After looking around a bit, specifically about installation I keep hearing about a 2inch pipe that needs to go from the stove to the outside to pull in outside O2. Is this true, and if so, do ALL pellet stoves require this? If not can you give me an idea on which ones don't require the outside line?

Also, the existing flue that I have is about 9 feet off the ground, so if the pipe comes out of the back of the pellet stove it will require 2 90 degree turns (one to go out and up from the stove and then another to go from the pipe into the flue). Will this provide good venting or will I be required to by pellet stoves that have the venting come from the top (thus only one 90 degree turn)?

Hope this makes sense and I can't thank you enough for helping me with this stuff!
-Bryce


----------



## smoke show (Sep 9, 2009)

all stoves DO NOT require outside air, but some strongly recommend it :lol:


----------



## bkatzman (Sep 9, 2009)

Thanks No Pane,
Does the pipe outside have to be a straight shot or can I throw in some 45/90 angles?

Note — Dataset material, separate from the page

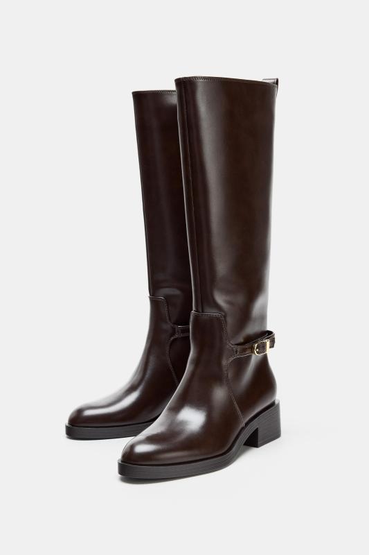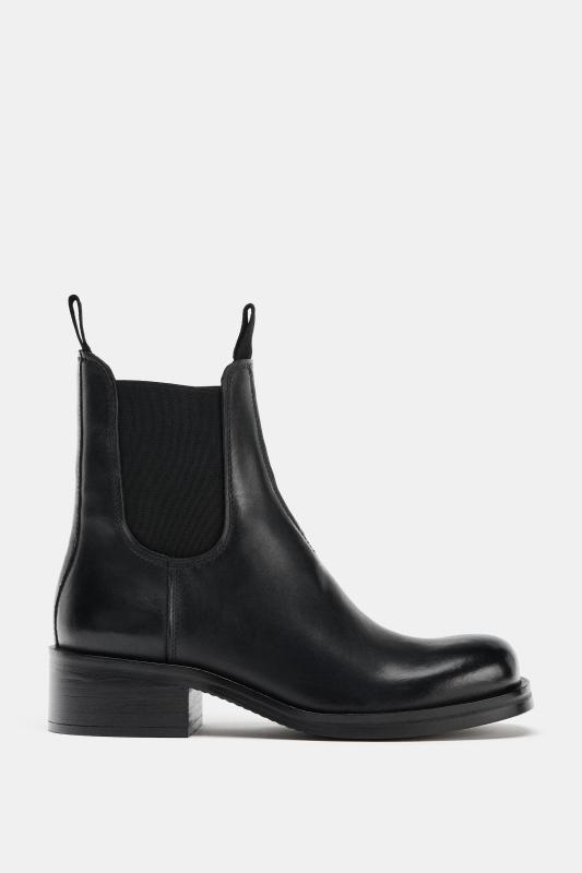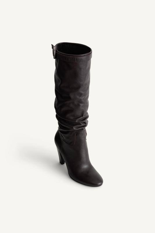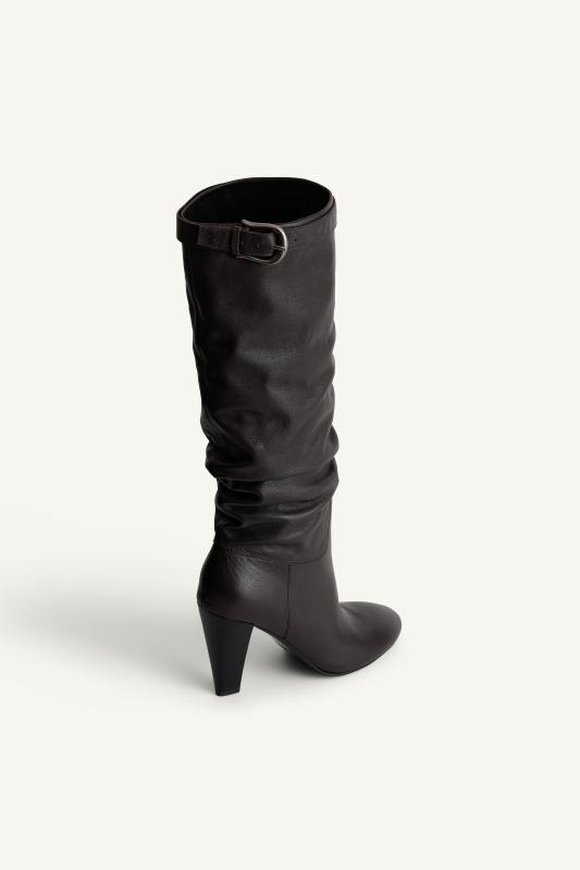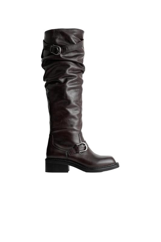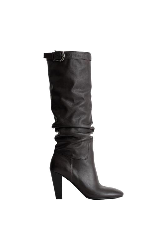 Обувь типа ботинок. Деталь с металлической пряжкой на хвостовике. Каблук средней ширины. Высокий тростник. Легкая посадка с помощью выдвижного и заднего рычага. Отделка с круглым носком.

Also any ideas on my stove pipe question?

Thanks again!
Bryce


----------



## smoke show (Sep 9, 2009)

bkatzman said:
			
		

> Thanks No Pane,
> Does the pipe outside have to be a straight shot or can I throw in some 45/90 angles?
> 
> Also any ideas on my stove pipe question?
> ...


not sure what you mean by pipe outside, are you talking about the exhaust or intake?
reguarding the stove pipe question I guess you would have to figure the total EVL and take it from there.


----------



## MCPO (Sep 9, 2009)

bkatzman said:
			
		

> Greetings All,
> 
> Also, the existing flue that I have is about 9 feet off the ground, so if the pipe comes out of the back of the pellet stove it will require 2 90 degree turns (one to go out and up from the stove and then another to go from the pipe into the flue). Will this provide good venting or will I be required to by pellet stoves that have the venting come from the top (thus only one 90 degree turn)?
> 
> ...



You should be just fine. I have (2) 3" 90`s and about 8 ft long verticle verticle  before it connects to my flue (Chimney) with no problems whatsoever.  I have an excellent natural draft that is smoke and odor free especially noticeable when the power goes off.


----------



## bkatzman (Sep 9, 2009)

Sorry for the confusion.

I was wondering if the 2'' intake pipe (from the outside) could have 45 or 90 degree angles?

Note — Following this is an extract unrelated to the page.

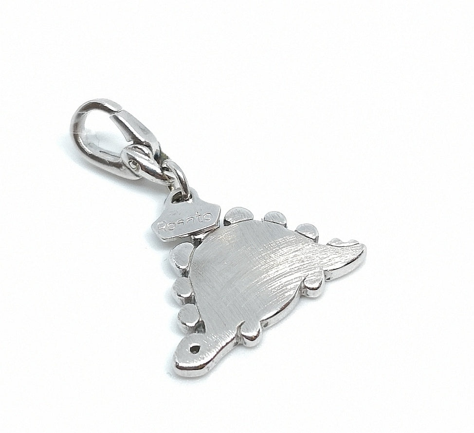 Ciondolo in argento con diamante incassato, decorato con smalti a fuoco, soggetto Dinosauro.
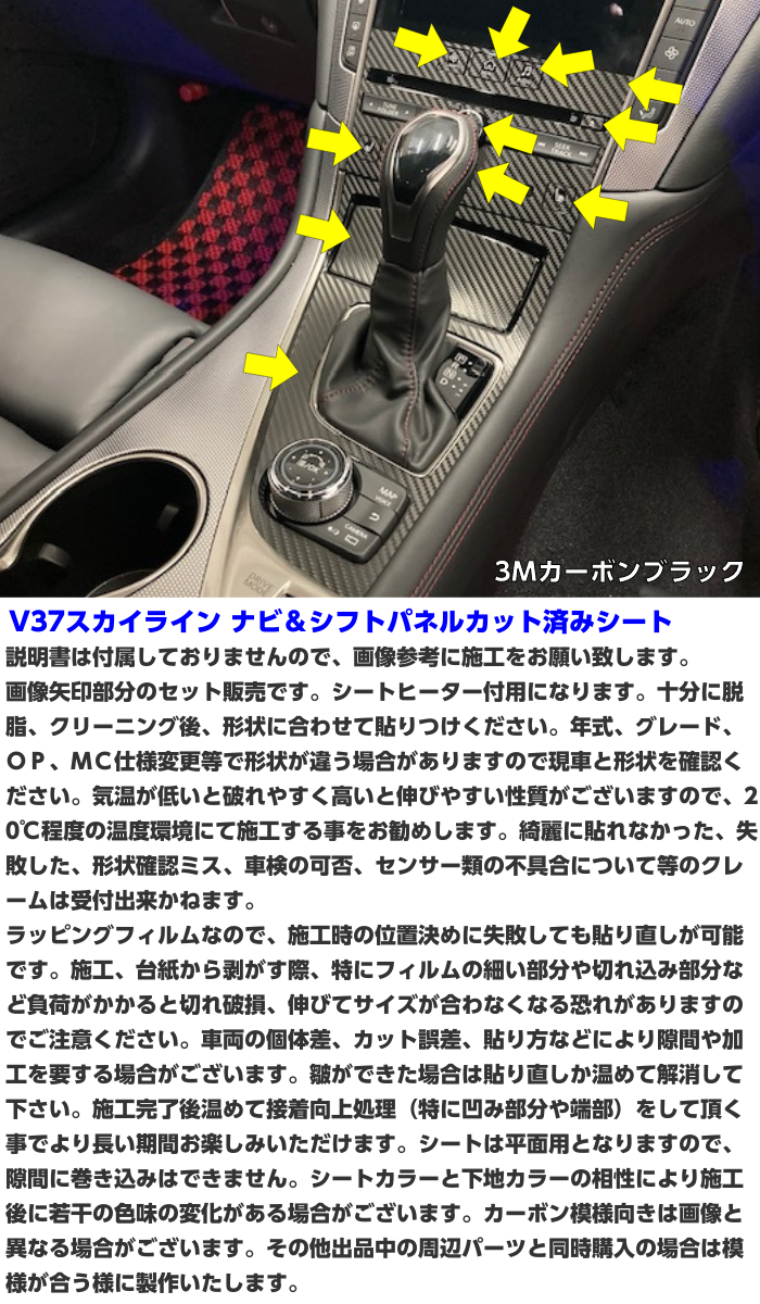 ※カーボンホワイト、ギャラクシーブラックは廃盤の為お選び頂く事ができなくなりました。 3M製以外は別ページで販売中です。 ※ご連絡なくお支払が終わっている場合はカーボンブラックにて発送させていただきます。 ③車両専用ラッピングシート ラッピングシートは剥がす際に糊残りがしにくく、貼り付けに失敗した場合でも 貼り直しが可能です。 当店では、雨、紫外線、風埃、熱等の環境が過酷な自動車には車両専用のシートをご使用される事を推奨しております。 ◆商品詳細◆ ★商品名: スカイラインV37系

Gio - Thanks for the input. I figured it wouldn't be a problem making an "S" from the pellet stove to the flue, just wanted to double check because I know that it is a no-no with wood stoves for the most part...


----------



## smoke show (Sep 9, 2009)

bkatzman said:
			
		

> Sorry for the confusion.
> 
> I was wondering if the 2'' intake pipe (from the outside) could have 45 or 90 degree angles?
> 
> Gio - Thanks for the input. I figured it wouldn't be a problem making an "S" from the pellet stove to the flue, just wanted to double check because I know that it is a no-no with wood stoves for the most part...


yes


----------



## imacman (Sep 9, 2009)

bkatzman,  as for "I keep hearing about a 2inch pipe that needs to go from the stove to the outside to pull in outside O2. Is this true, and if so, do ALL pellet stoves require this?", the question is a tough one to answer, and has been discussed to death on this forum (do a search of "OAK" or "outside air", and you'll get LOTS of hits).

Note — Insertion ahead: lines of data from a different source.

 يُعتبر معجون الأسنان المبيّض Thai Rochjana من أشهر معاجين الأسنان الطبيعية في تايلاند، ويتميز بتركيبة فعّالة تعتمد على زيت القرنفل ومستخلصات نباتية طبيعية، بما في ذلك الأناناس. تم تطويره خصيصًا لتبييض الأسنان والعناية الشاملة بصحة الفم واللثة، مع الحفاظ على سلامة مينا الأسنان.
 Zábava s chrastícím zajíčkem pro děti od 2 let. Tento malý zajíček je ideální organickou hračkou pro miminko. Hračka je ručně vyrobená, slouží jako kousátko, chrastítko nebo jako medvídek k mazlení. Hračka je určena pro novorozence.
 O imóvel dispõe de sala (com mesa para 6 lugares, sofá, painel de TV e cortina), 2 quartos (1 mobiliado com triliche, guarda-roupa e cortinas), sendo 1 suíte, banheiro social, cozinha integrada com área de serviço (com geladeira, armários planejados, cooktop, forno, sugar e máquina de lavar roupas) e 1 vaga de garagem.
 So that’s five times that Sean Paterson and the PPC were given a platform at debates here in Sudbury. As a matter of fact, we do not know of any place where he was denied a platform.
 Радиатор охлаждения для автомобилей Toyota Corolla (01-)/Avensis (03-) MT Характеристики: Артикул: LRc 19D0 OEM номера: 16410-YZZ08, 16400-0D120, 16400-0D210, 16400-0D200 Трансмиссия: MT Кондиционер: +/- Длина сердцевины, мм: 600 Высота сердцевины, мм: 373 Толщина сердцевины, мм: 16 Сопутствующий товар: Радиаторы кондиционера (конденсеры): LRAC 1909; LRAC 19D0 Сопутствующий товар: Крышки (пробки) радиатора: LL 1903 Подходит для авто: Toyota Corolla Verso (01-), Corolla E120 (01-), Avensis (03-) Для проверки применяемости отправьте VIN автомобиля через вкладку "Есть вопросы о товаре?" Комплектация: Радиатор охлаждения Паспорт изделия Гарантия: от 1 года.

In general, most pellet stoves will run more efficiently with outside air.  It allows the stove to use cool or cold outside air for combustion, instead of sending already heated indoor air outside.  It also has the benefit of not making the interior of the house more of a vacuum that it already is from other appliances, and doesn't contribute to "sucking in cold outside air" through cracks & crevices that then has to be heated.  It is even more important to use in the newer, tighter homes that have been built.

As for stove manufacturers that "require" outside air, Englander does, and gives you a kit with every new stove.  Very recently, Harman made the statement that outside air for their stoves is "highly recommended" for best operation.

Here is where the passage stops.